I have tried out the recommended mount options and locking methods to no
avail. Once under some stress, say ~60 messages a minute from the two front
end machines, understandably the index's get pickled instantly. So as a
hack way around the index locking problems, I have configured the MXing
machines to index locally to no where (/tmp) - and deal with the very
slightly slower IMAP/POP3 performance on the retrieval side.
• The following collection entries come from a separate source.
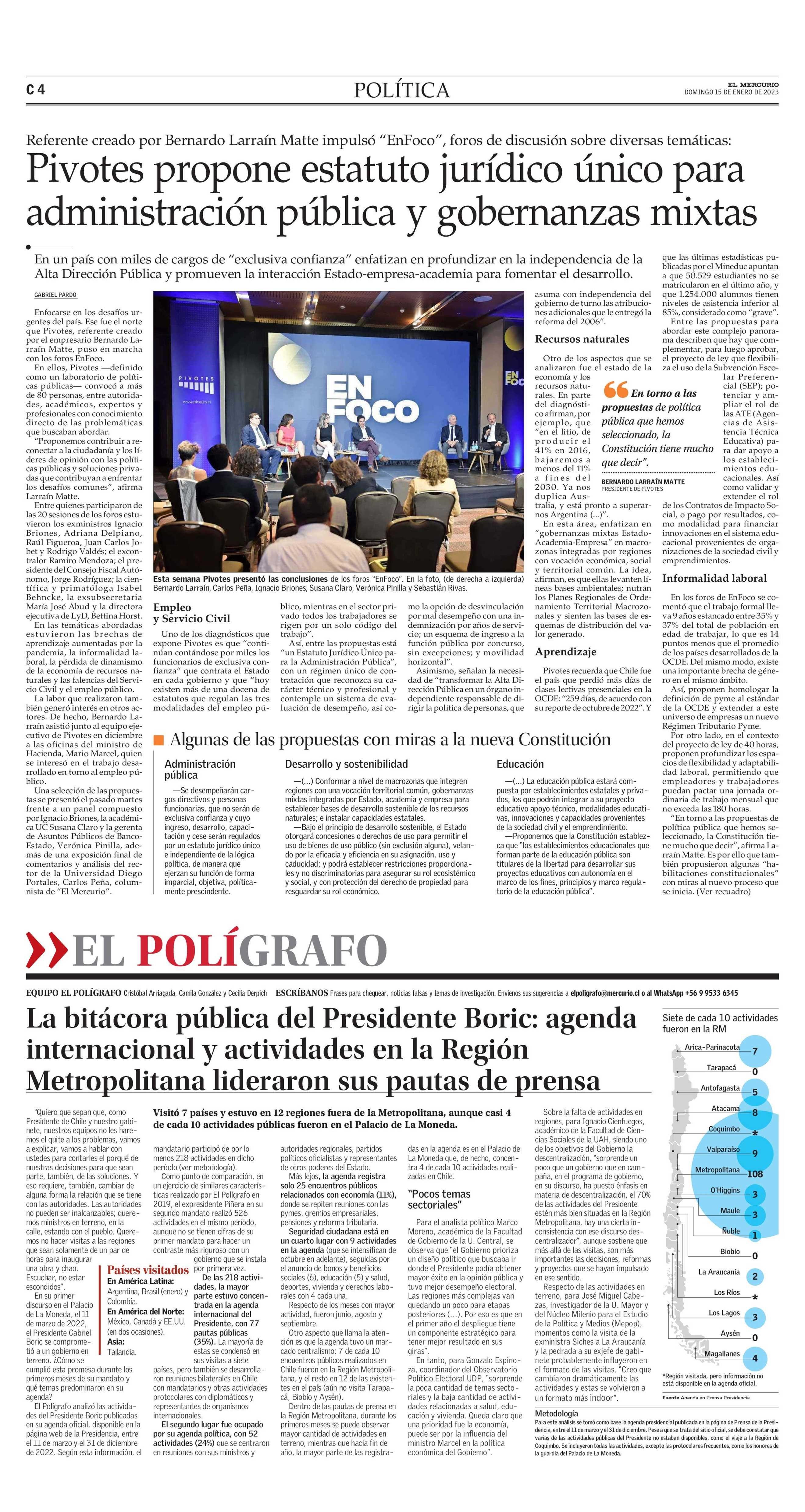 La bitácora pública del Presidente Boric: agenda internacional y actividades en la Región Metropolitana lideraron sus pautas de prensa 15-01-2023 El Mercurio |
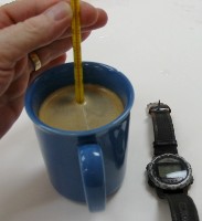 ![]() I conducted an actual experiment so that you could see what one looks like. Experiments are usually the result of curiosity and questions about something. Here's my question: "If you want to drink coffee at the warmest possible temperature, but aren't able to drink it for a period of time, should you wait to add the creamer, or add it immediately? In 15 minutes, which would give you the warmest coffee?" Purpose: To determine the effect on the cooling rate of coffee when creamer is added. Hypothesis: I believe that coffee will cool more slowly once the creamer has been added. In other words, after a period of time, the coffee with creamer will be warmer than black coffee would have been ... so it wouldn't make sense to add the creamer later and make it even cooler. Method: I will heat water and make instant coffee, and then measure its temperature every minute for a period of 20 minutes. I will then do the same for coffee with 10 ml of creamer added, and once again for coffee with 20 ml of creamer added. I measured all amounts using equipment from our school lab, but could just as easily have used kitchen measuring implements. Similarly I used a lab thermometer to record the temperatures, but a candy thermometer would have worked just as well. A watch was used to measure times, and all information was recorded on paper. In conducting an actual experiment, you should use a notebook and keep all your records, even if you mess up and have to redo something. Variables:
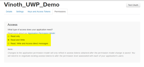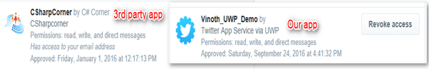 Go to -> https://twitter.com/settings/applications , permission has given to the Csharpcorner.
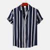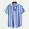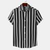 Spring and Summer New Men's Shirt Casual Striped Print Turndown Collar Short Sleeve Loose Buttons All-match Print Cardigan
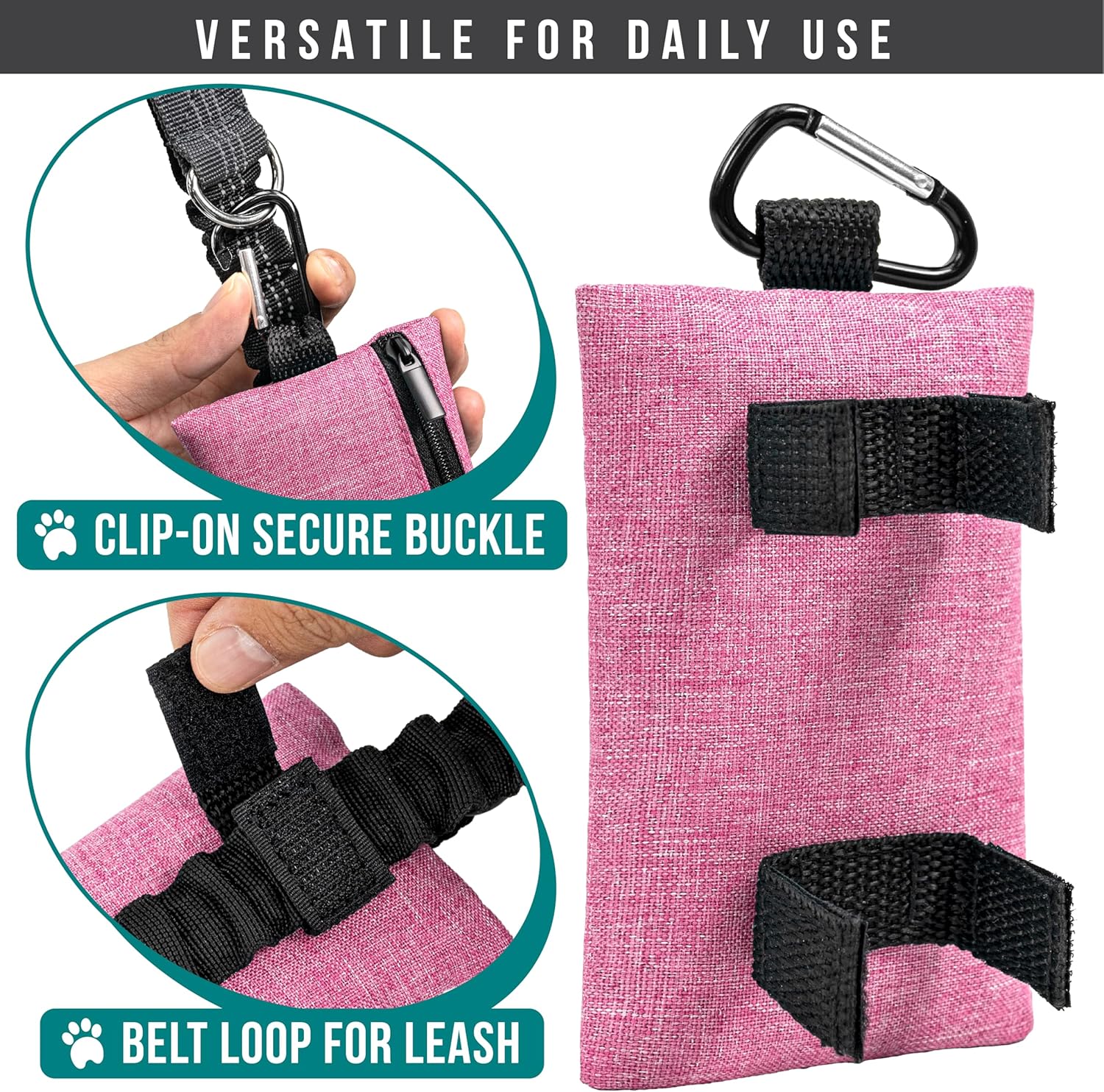 - POOP BAG DISPENSER FOR LEASH: Poop bag holder clips and attaches to any leash or velcro secures to your dog's harness. Perfect pet essential dog walking pouch with zipper storage to hold dog accessories, small treats and extra poop bag rolls.
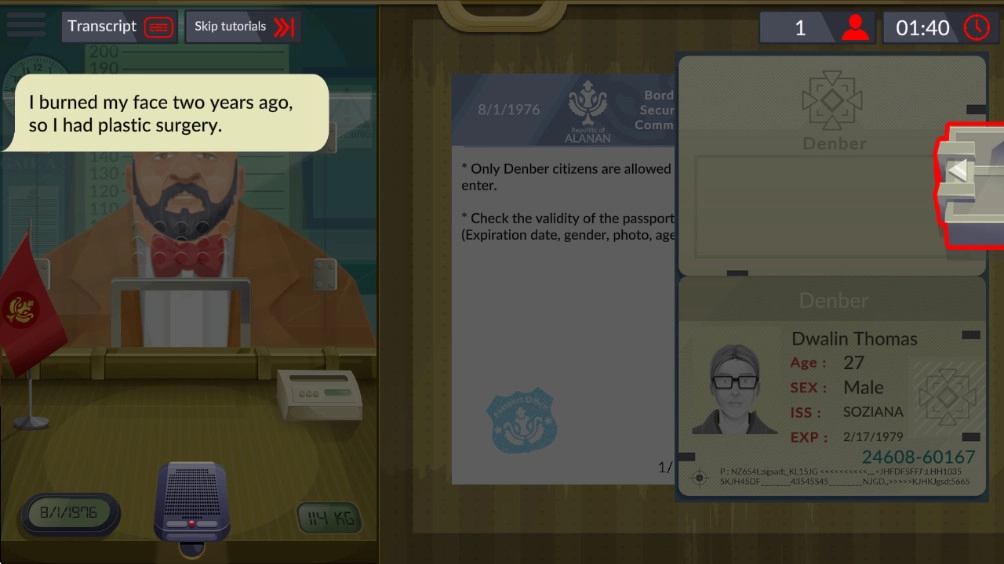 边境警察模拟器是一款沉浸式的边境执法模拟游戏,它让你以边境巡逻官的身份,肩负起保卫国家安全的重任。这款游戏不只是简单的文件检查,更是对责任、判断与人性的考验。你要细致检查每位乘客的姓名、体重、身高、护照及其他文件的有效期,并与本人信息进行比对。玩家的每一个决定都可能关乎国家安全,保持高度警觉和准确判断至关重要。
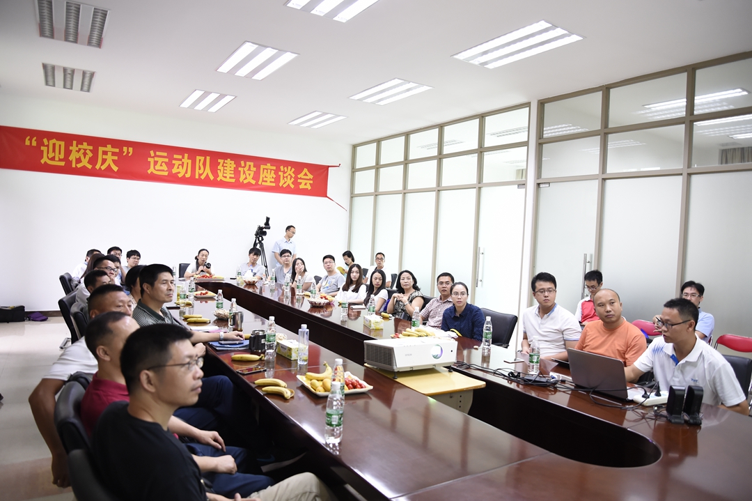 本网讯 5月9日下午,广外50周年“迎校庆”运动队建设座谈会在广外北校区体育部会议室举行。来自各行各业的27位校友代表,欢聚一堂,追忆当年的似水年华,共话运动会拼搏的日子,共图母校体育发展大计。出席此次座谈会有体育部主任林少娜、党总支部书记李旭武以及校运动队教练员等。
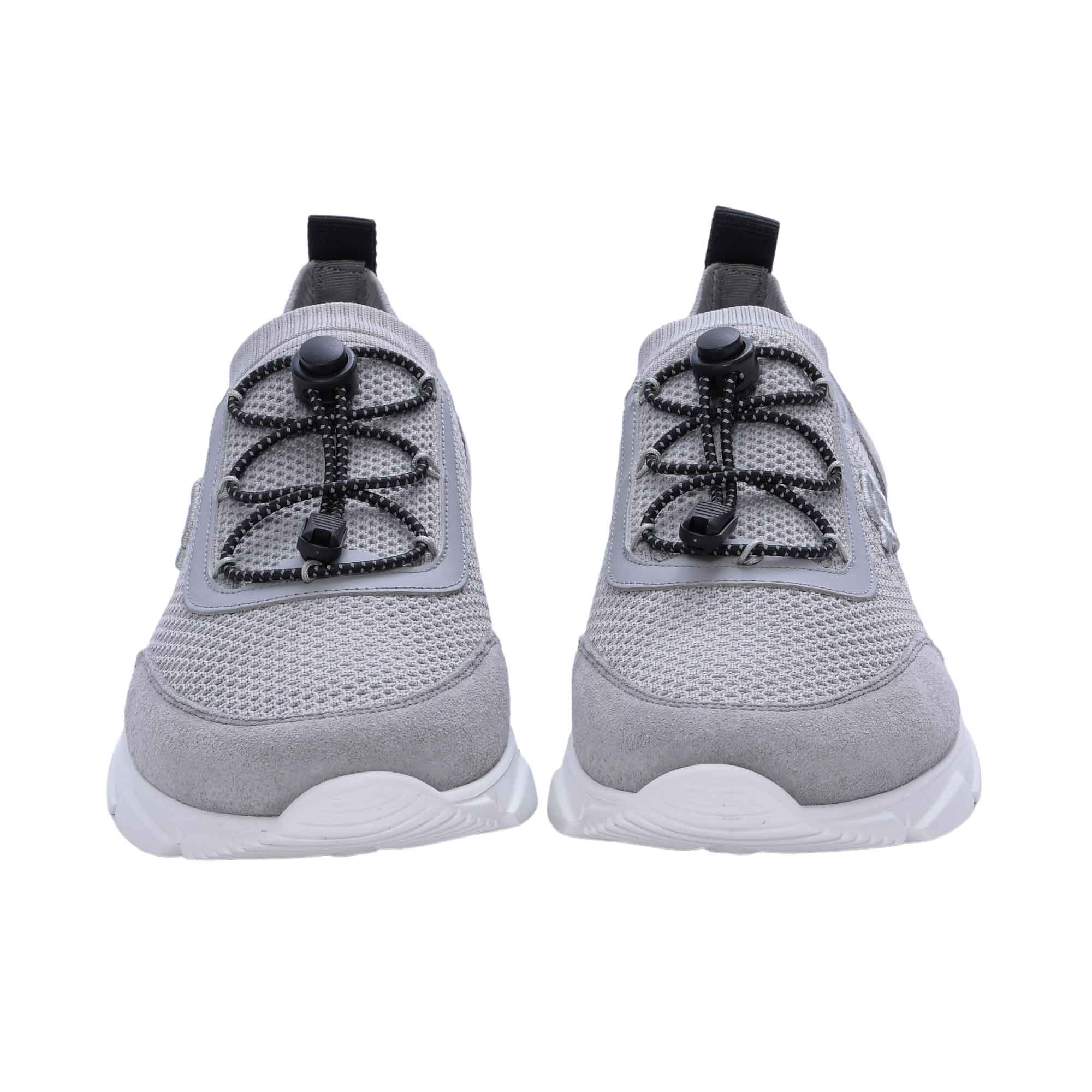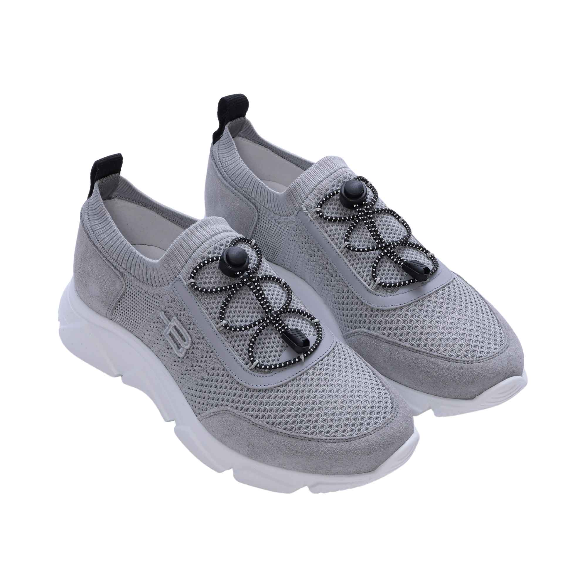 The Baldinini Men's Grey Sneaker is an stylish choice for everyday wear. The classic sneakers feature a textile knit fabric upper with Grey suede inserts and a technical fabric lining for a comfortable fit. The laces and drawstring fastening provide a secure fit, while the leather insole ensures an ergonomic and comfortable fit. The rubber outsole provides durability and grip, while the round toe adds a stylish touch. These sneakers are perfect for the modern man who values style, comfort and quality. SPECIFICATIONS
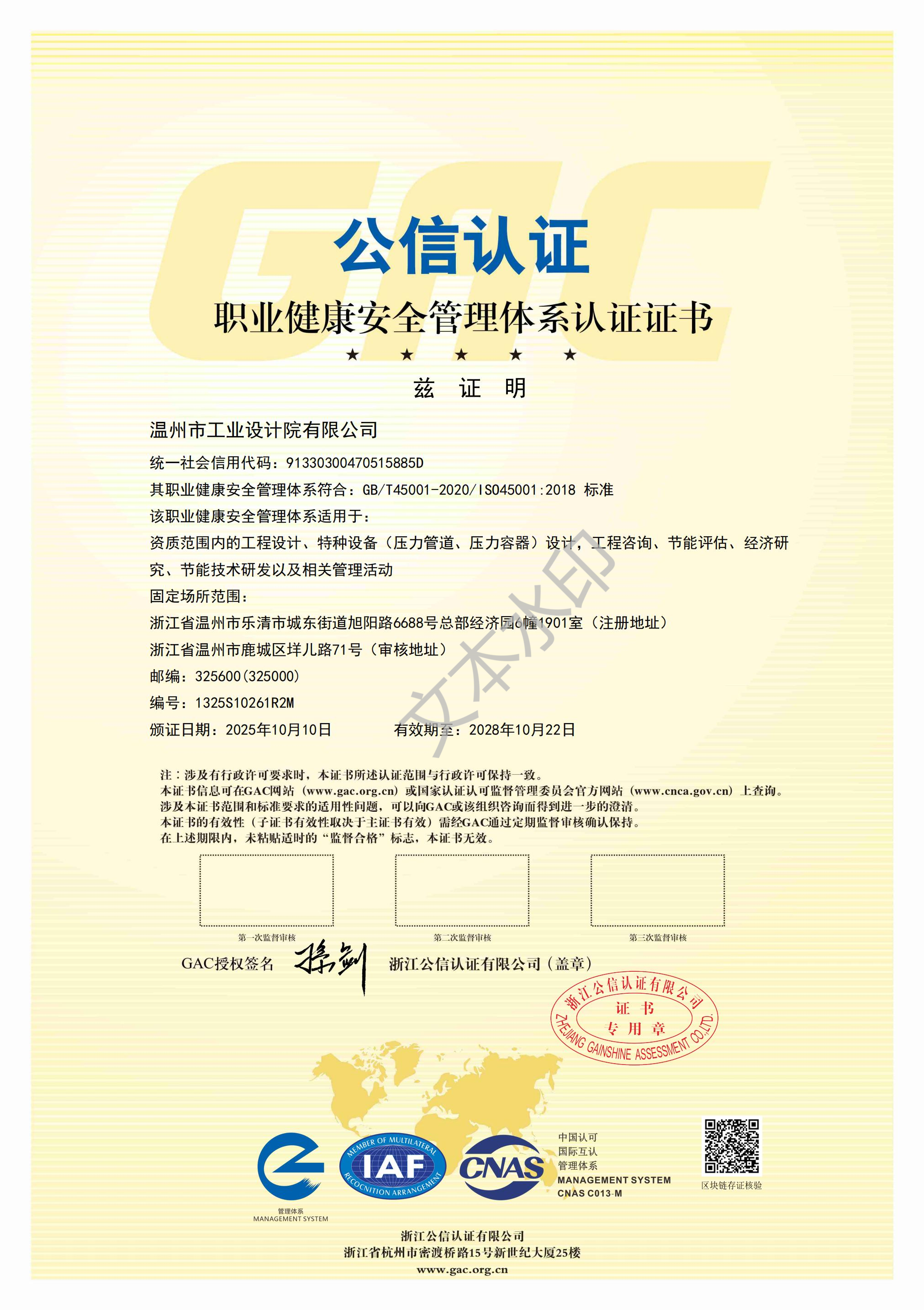 職業(yè)健康安全管理體系認證證書
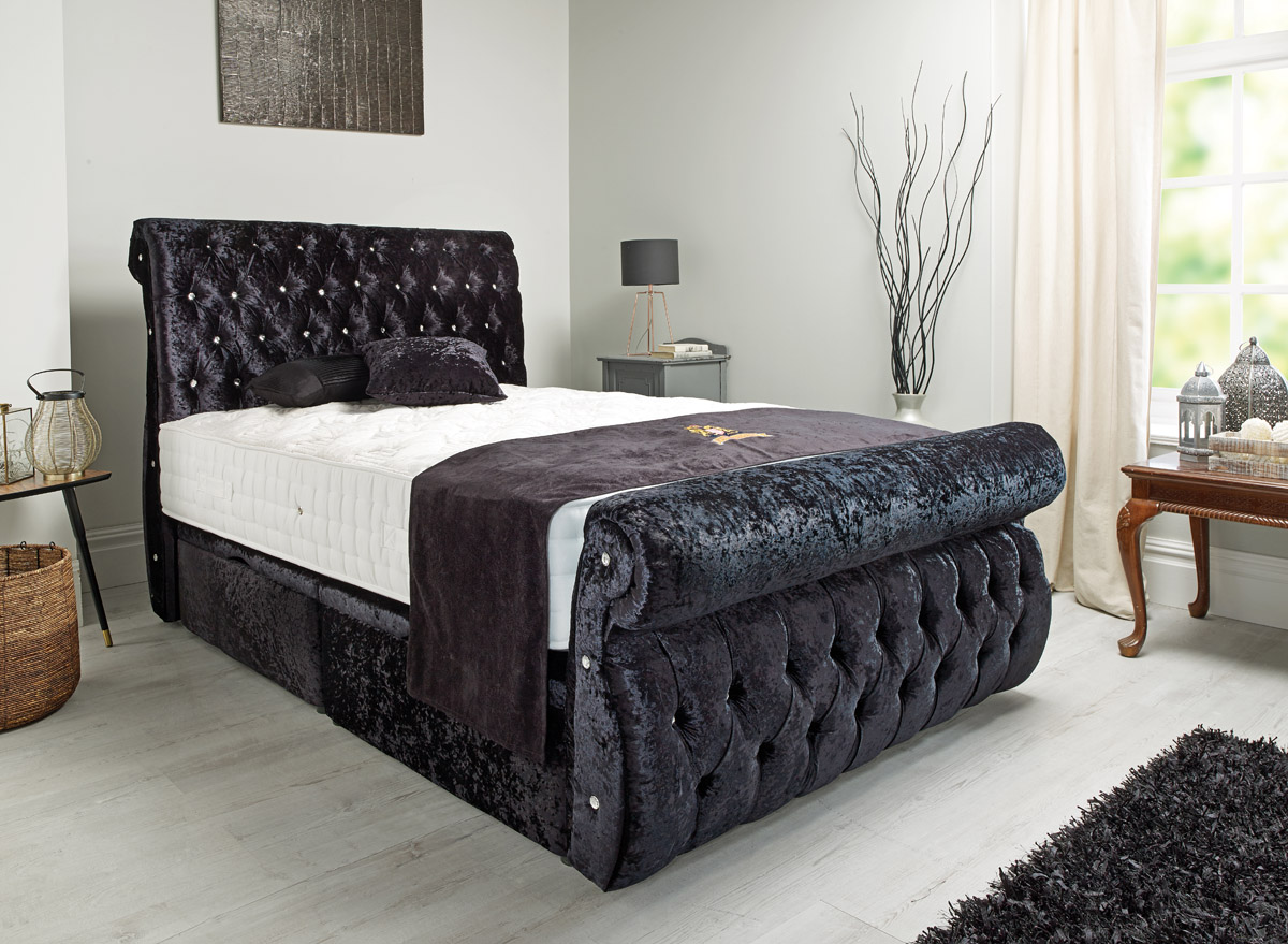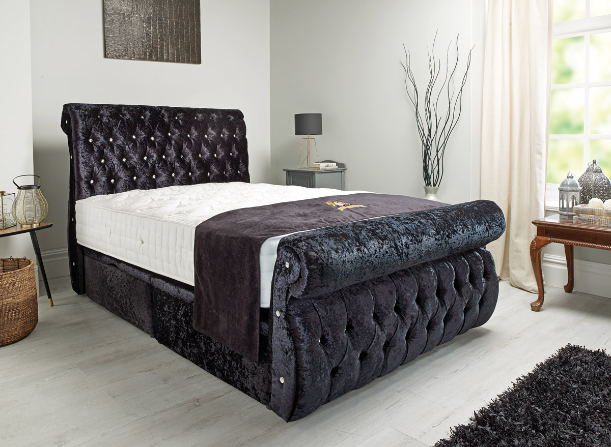=The Oxford Ottoman Bed is a bold and luxurious choice for those who want traditional elegance with modern functionality. Its floor standing headboard is crafted as a single full piece for strength and durability, featuring deep button tufting and a sleigh-style silhouette with pronounced scrolls. The matching footboard mirrors the scroll detail, creating a balanced and regal presence in any bedroom.

Is there way to tell/patch Dovecot-LDA not to bother with indexing? So Im not creating unused index files.
Cheers
Dean Manners
On Mon, 2007-01-22 at 22:08 +1100, Dean Manners wrote:
Is there way to tell/patch Dovecot-LDA not to bother with indexing? So Im not creating unused index files.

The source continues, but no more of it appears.